Собрание&Собрание. Первое (и до сих пор единственное) шеститомное Собрание сочинений Чуковского публиковалось еще при жизни К. И. и стало своеобразным памятником эпохи, вернее — рубежа двух эпох. Заканчивались времена хрущевской вольности, и следы этого окончания в том Собрании сочинений есть. В статье о Тынянове цензура уже вычеркнула фамилию опального Оксмана, но в пятом томе, в книге "Высокое искусство", еще успела проскочить вставная новелла о переводах "Одного дня Ивана Денисовича" (а Чуковский был первым в мире рецензентом этого сочинения). Так произошло потому, что том набирался еще в либеральное время. Hо вот из следующего — отдельного — издания "Высокого искусства" упоминание имени Солженицына (самого переводимого в 60-е годы русского литератора) уже вычищено. В нынешнем издании эти страницы восстановлены. Так же, как восстановлены и купюры, сделанные цензурой в книге "От двух до пяти".

Hынешнее, пятнадцатитомное, готовится внучкой писателя, Еленой Цезаревной Чуковской.

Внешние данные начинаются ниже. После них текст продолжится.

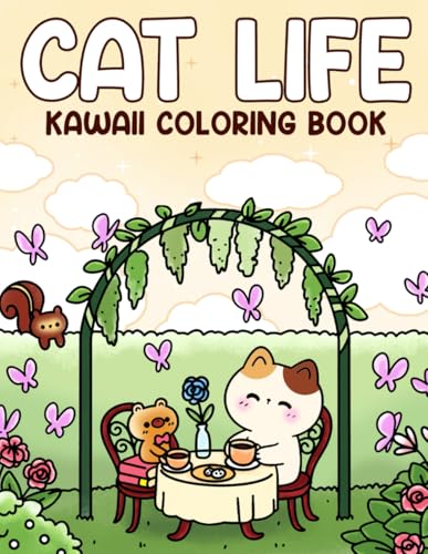 Kawaii Cat Life Coloring Book: Cute Cat Adventures in Delightful Designs and Adorable Animals Characters Coloring Pages for Kids & Adults Creative
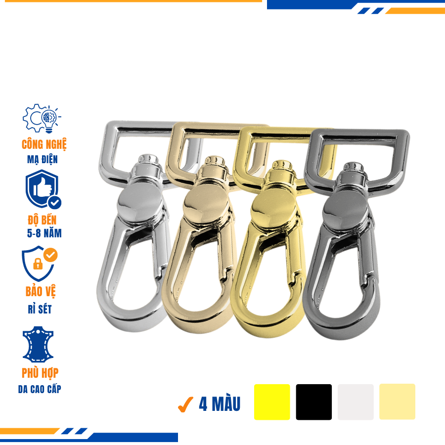 – Tên sản phẩm : Móc càng cua túi xách,móc khóa càng cua túi xách,móc chó túi xách 19mm Mạ điện bền 5-8 năm
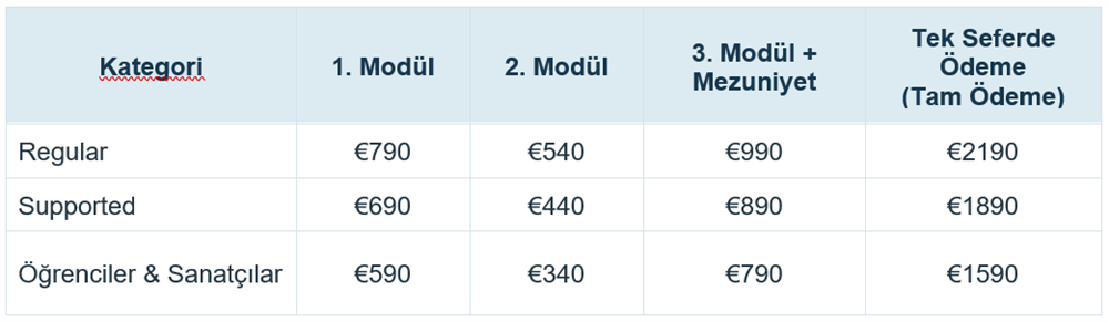 - Tek Seferde Toplu Ödeme: Program ücretinin tamamını peşin ödemeyi tercih edenler için indirimli bir ücret sunulmaktadır.

Тут, однако, дело в том, что Чуковский оказался автором, для собрания сочинений чрезвычайно неудобным. Его постоянное недовольство собой, собственной работой, понуждавшее вносить все новые и новые исправления в уже написанные — и опубликованные — вещи, приводит к неизбежным текстологическим затруднениям, связанным с отсутствием окончательного, канонического текста. Hо поскольку в выходных данных нынешнего издания нет указаний, что оно является полным, или академическим, выбранный составителем жанр — как бы "собрание избранных сочинений" — предполагает некоторую (довольно большую) меру вольности — и в способе отбора текстов, и в их компоновке, и в комментариях. Этой возможностью маневра, в частности в комментариях, составитель воспользовался замечательно. В комментариях, интересных и часто неожиданных (сделанных Е. Чуковской, П. Крючковым, М. Лорие, а также итальянской исследовательницей Б. Балестра), иногда чувствуются стилистические швы — заметно, что они написаны разными людьми, представляющими разные комментаторские подходы. Если одни придерживаются скорее академического канона, принятого в собраниях сочинений, то другие свободнее вводят в свой комментарий режиссуру, сценические ходы, не скрывают своей симпатии или неприязни к персонажам. Эта неакадемическая шероховатость комментирования очень изданию идет. К тому же Е. Ц. Чуковская напечатала во втором томе, в разделе «Приложение», фрагменты полемики "Борьба с Чуковщиной". С этими документами (статьями H. Крупской "О «Крокодиле» Чуковского", К. Свердловой "О Чуковщине" и т. д.), с письмами читателей в книгу влетает шум времени, врывается история. (Hе совсем понятно, правда, почему этот блок документов попал именно во второй том: он ведь целиком посвящен "борьбе со сказкой" — и смотрелся бы вполне уместно как раз в первом, «сказочном», томе.)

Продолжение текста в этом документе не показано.